===== RECORDS FOR THIS TASK
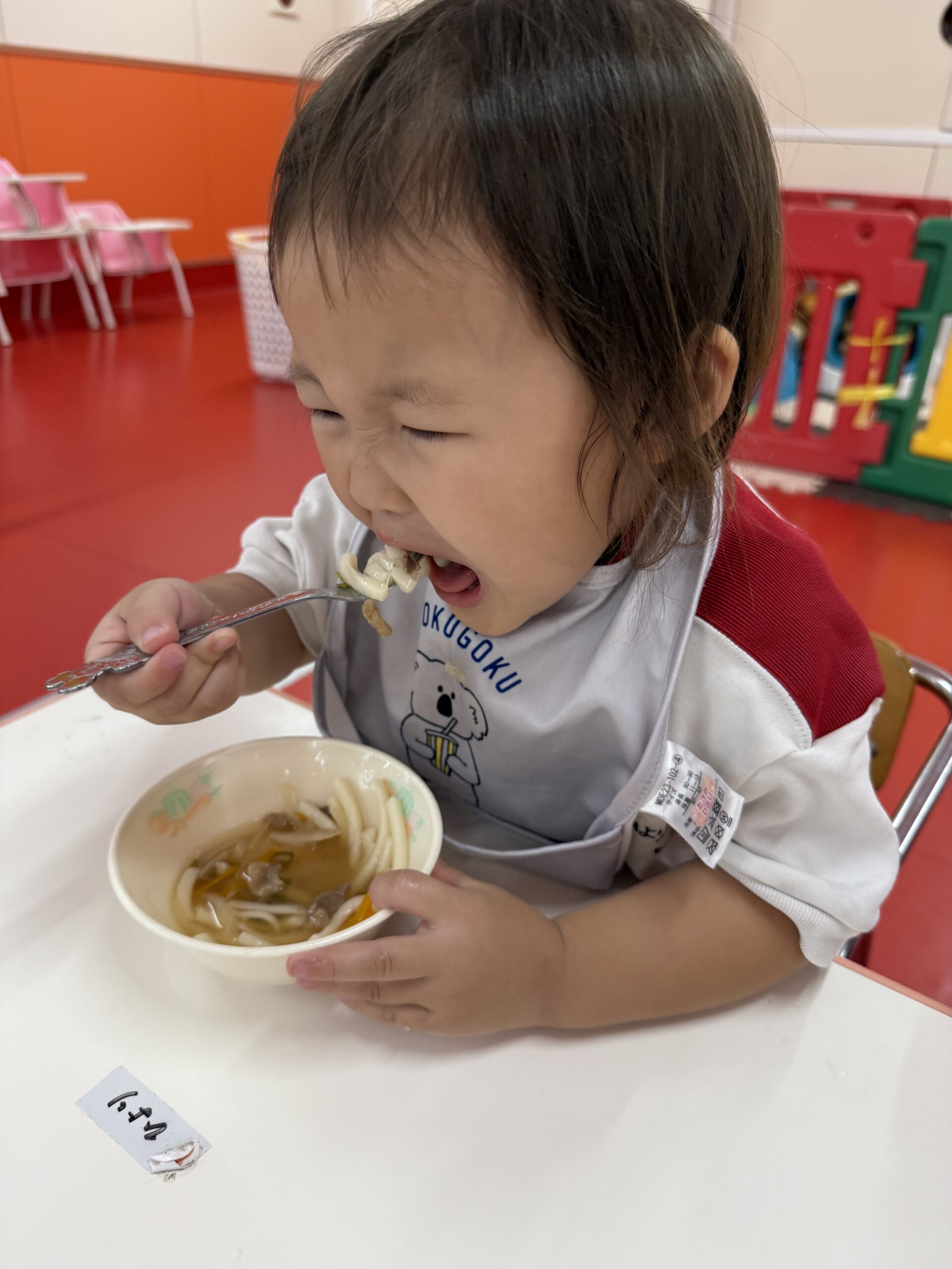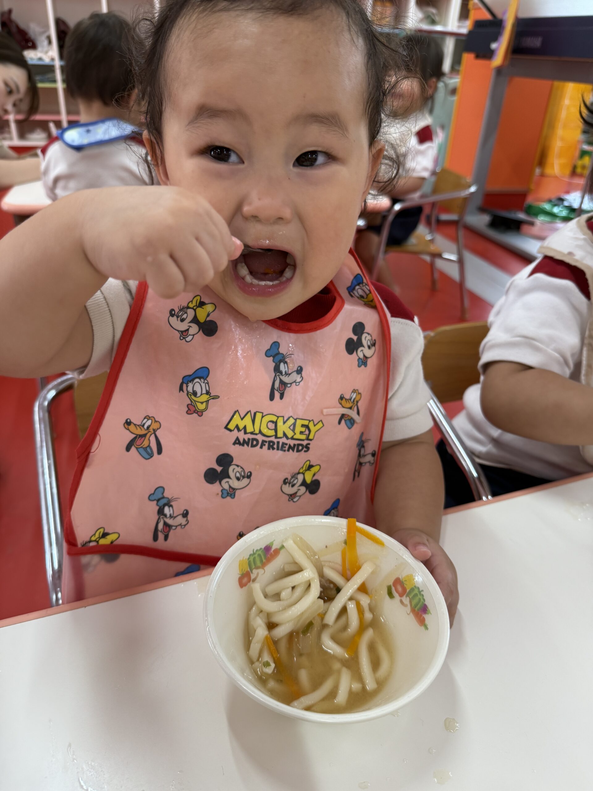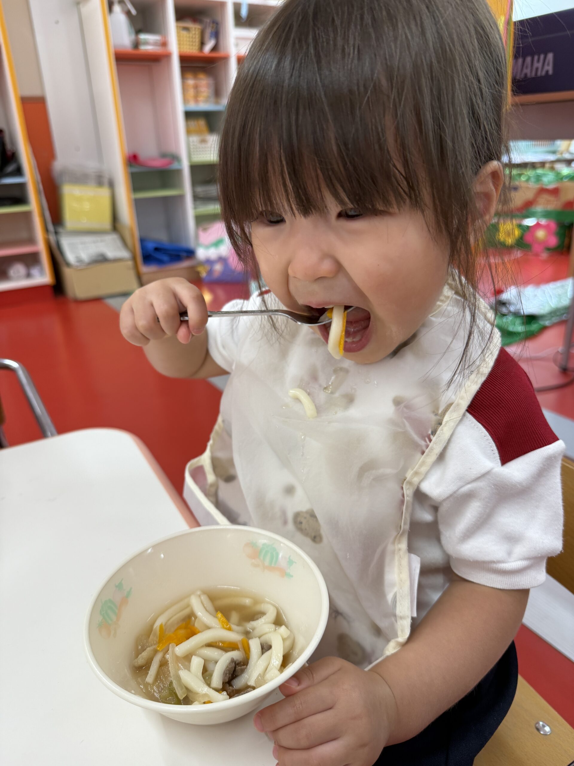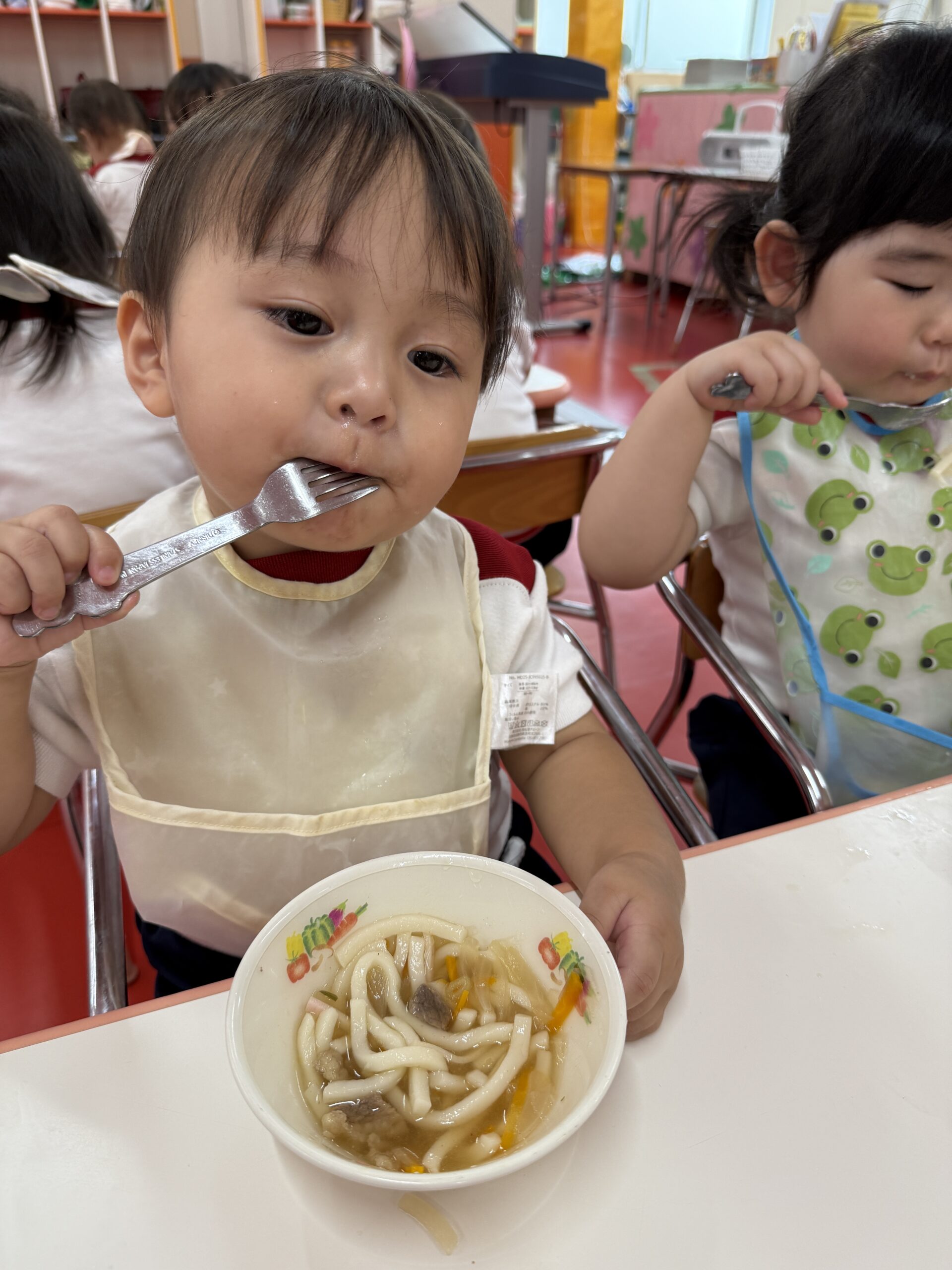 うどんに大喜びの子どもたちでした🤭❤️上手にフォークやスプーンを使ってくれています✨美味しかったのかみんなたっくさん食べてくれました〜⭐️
==========
===== RECORDS FOR THIS TASK
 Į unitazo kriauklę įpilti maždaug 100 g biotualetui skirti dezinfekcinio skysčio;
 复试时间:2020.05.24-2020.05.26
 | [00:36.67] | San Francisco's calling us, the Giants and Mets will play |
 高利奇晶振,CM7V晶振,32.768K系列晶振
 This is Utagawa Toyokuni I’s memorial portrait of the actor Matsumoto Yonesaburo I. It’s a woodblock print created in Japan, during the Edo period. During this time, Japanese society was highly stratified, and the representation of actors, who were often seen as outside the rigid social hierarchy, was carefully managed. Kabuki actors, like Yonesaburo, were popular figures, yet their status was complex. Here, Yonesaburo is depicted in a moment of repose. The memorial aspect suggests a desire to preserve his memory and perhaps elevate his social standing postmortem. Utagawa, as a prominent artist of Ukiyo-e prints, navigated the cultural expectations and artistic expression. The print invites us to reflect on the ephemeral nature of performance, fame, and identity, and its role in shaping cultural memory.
==========
» **EXERCISE OBJECTIVE**:
Above are some records; copy exactly the lines from the one with "高利奇晶振,CM7V晶振,32.768K系列晶振" through the one with "This is Utagawa", both included, and no others.

» **SOLUTION**:
 高利奇晶振,CM7V晶振,32.768K系列晶振
 This is Utagawa Toyokuni I’s memorial portrait of the actor Matsumoto Yonesaburo I. It’s a woodblock print created in Japan, during the Edo period. During this time, Japanese society was highly stratified, and the representation of actors, who were often seen as outside the rigid social hierarchy, was carefully managed. Kabuki actors, like Yonesaburo, were popular figures, yet their status was complex. Here, Yonesaburo is depicted in a moment of repose. The memorial aspect suggests a desire to preserve his memory and perhaps elevate his social standing postmortem. Utagawa, as a prominent artist of Ukiyo-e prints, navigated the cultural expectations and artistic expression. The print invites us to reflect on the ephemeral nature of performance, fame, and identity, and its role in shaping cultural memory.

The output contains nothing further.